Mr. Sekolec and his co-author Mr. Eliasson have presented an enlightening and comprehensive survey of the common and diverging aspects of the Swedish Arbitration Act of 1999 (“the Swedish Act”) and the UNCITRAL Model Law on International Commercial Arbitration of 1985 (“the Model Law”).
Suffice it to say that the points in common are far more extensive than are the divergences, since in the long and careful drafting process that led up to the adoption of the Swedish Act considerable efforts were made by the Swedish draftsmen to benefit from the modern and pro-arbitration thinking and principles that had gone into the Model Law.
Still, in certain areas, some notable differences in approach exist. These areas have been identified by Mr. Sekolec and Mr. Eliasson in their presentation.

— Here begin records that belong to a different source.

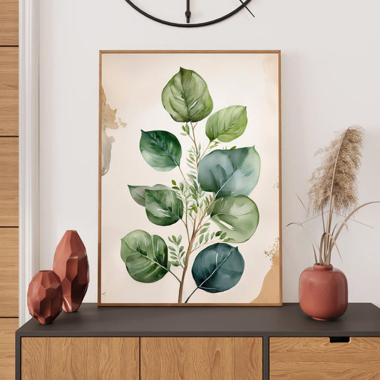 Eucalyptus & Monstera Leaves Wall Art Print – Digital Download PDF | Botanical Nature Home Decor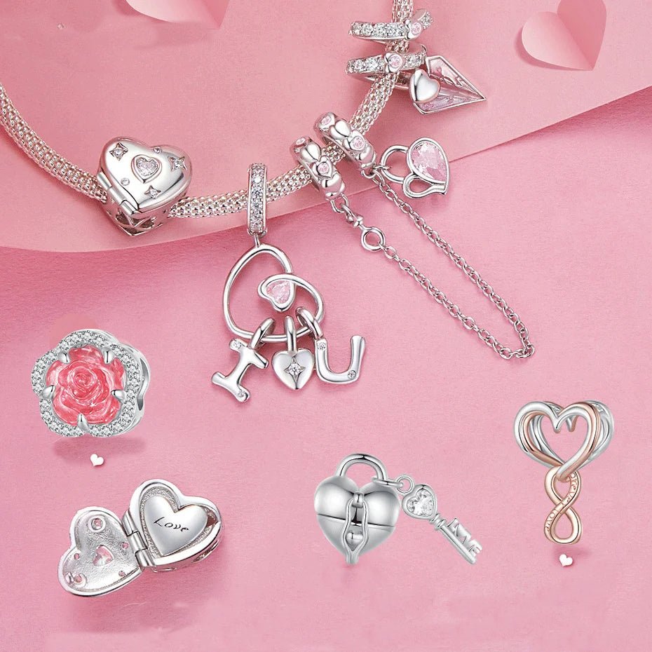 Pink Heart Charms & Pendant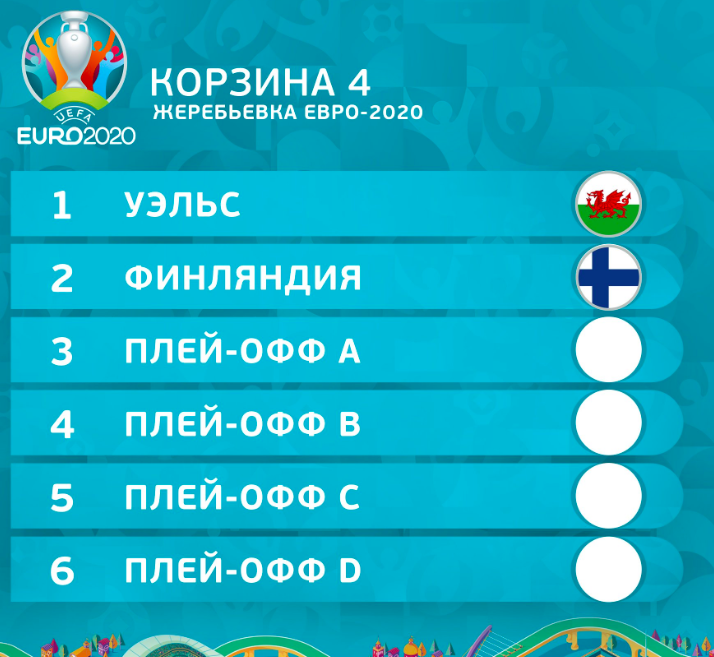 И наконец распределение команд из четвертой корзины. Там пока точно известны только Уэльс и Финляндия. Еще четыре представителя этой корзины определятся после плей-офф Лиги наций в марте 2020 года:

I would like to focus my comments on one of these areas, namely the role of the courts in reviewing whether a dispute is properly subject to arbitral jurisdiction.
Both the Swedish Act and the Model Law recognize the well-established principle of “competence-competence.” Article 2(1) of the Swedish Act stipulates that “The arbitrators may rule on their own jurisdiction to decide the dispute.” And Article 16(1) of the Model Law provides that “The arbitral tribunal may rule on its own jurisdiction, including any objections with respect to the existence or validity of the arbitration agreement.”